Gerbang awal liberalisasi pendidikan ini dimulai ketika pemerintah menerapkan otonomi kampus sejak tahun 2000 ketika beberapa Perguruan Tinggi Negeri seperti UI, UGM, ITB dan IPB diubah bentuknya menjadi BHMN (Badan Hukum Milik Negara). Dengan format BHMN, pembiayaan pendidikan PTN-PTN tersebut tidak lagi sepenuhnya ditanggung pemerintah. Otonomi kampus ini dikampanyekan sebagai hak kampus untuk membangun dan menentukan nasib pembangunan mereka sendiri. Tentunya berbagai subsidi pendidikan yang selama menopang kehidupan pendidikan di kampus di cabut dan “dialihkan” ke sektor lain. Lihatlah bagaimana PTN-PTN tersebut memiliki prinsip cewek matre “ada uang abang sayang, tak ada uang abang kutendang”. Ironis sekali, di Indonesia kini hanya orang kaya saja yang boleh sekolah tinggi. Sebuah kemajuan pendidikan yang luar biasa ditengah keterpurukan ekonomi rakyat.

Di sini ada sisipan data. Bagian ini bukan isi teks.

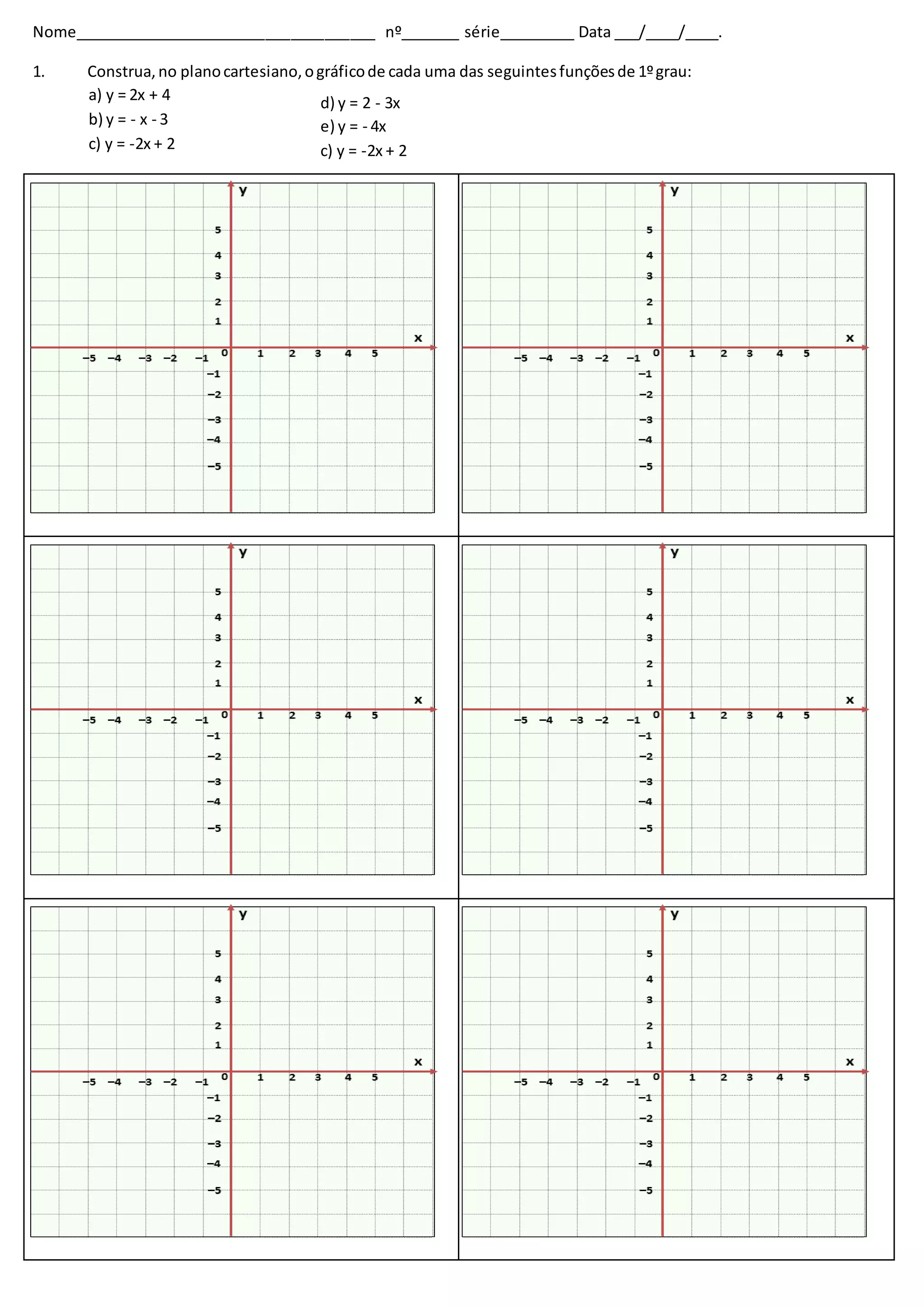 El documento pide al estudiante construir gráficos de cinco funciones lineales en el plano cartesiano. Las funciones son: a) y = 2x + 4, b) y = -x - 3, c) y = -2x + 2, d) y = 2 - 3x, e) y = -4x. El estudiante debe completar las tablas de valores y gráficos para cada función.

Untuk menutup dosa liberalisasi pendidikan tersebut pemerintah beserta pakar-pakar pendidikan menawarkan paket irit pendidikan. Setelah diklaim pendidikan jenjang tinggi S-1 alias sarjana bukan lagi jaminan mendapat pekerjaan maka dihidupkan progam-progam sekolah keterampilan siap kerja yaitu SMK. Mendiknas menuangkan cita-cita mulianya melalui visi dan misinya yaitu menyiapkan generasi bangsa yang siap hidup di jamannya dengan membekali skill life. Peserta didik di beri ketrampilan-ketrampilan yang siap pakai di dunia kerja. Target utamanya adalah langsung mendapat kerja setelah lulus sekolah untuk mengurangi prosentase pengangguran di Indonesia

Christopher Lingle di harian Jakarta Post (20/02/08), dalam artikel yang berjudul "Restoring Indonesia's economy to a higher growth path" mencatat bahwa pengangguran di Indonesia mencapai 40% dari total angkatan kerja. Sisanya pun ternyata terdiri dari pekerja dan setengah pengangguran. Bank Dunia menyebutkan sekitar 49, 5% Rakyat Indonesia berpendapatan di bawah 2US$/hari. Di Indonesia seorang sarjana dengan pendapatan sama dengan tukang becak bukanlah hal aneh. Bahkan beberapa sarjana-sarjana yang kesulitan mendapat lapangan pekerjaan memilih banting stir meramaikan bursa TKI bekerja keluar negeri, tentunya sebagai pembantu rumah tangga, penjaga toko, buruh pabrik atau cleaning servis rumah sakit. Maka alternatif pendidikan murah yang siap kerja resepnya hanya masuk SMK! Tak perlu keluar biaya mahal dan waktu belajar yang lama, dijamin peserta didik terampil dan siap kerja bahkan sudah dipesan dunia usaha sebelum mereka lulus. Sungguh tawaran yang menggiurkan. Semua wali murid dan calon wali murid mulai bernafas lega.

Menyikapi tingginya kebutuhan pasar akan lulusan trampil yang siap kerja maka pemerintah menelurkan kebijakan proporsi SMK: SMA menjadi 70:30. dengan kebijakan ini maka goalnya adalah mengurangi angka penganguran dan menyiapkan generasi trampil dengan skill life yang bisa hidup di jamannya yaitu era globalisasi. Jika yang 70 adalah calon tenaga trampil maka yang 30 tadi adalah calon generasi istimewa yang siap memasuki perguruan tinggi-perguruan tinggi. Sebuah solusi yang ideal. Wali murid dan calon wali murid pun bernafas lega kembali dengan kebijakan ini.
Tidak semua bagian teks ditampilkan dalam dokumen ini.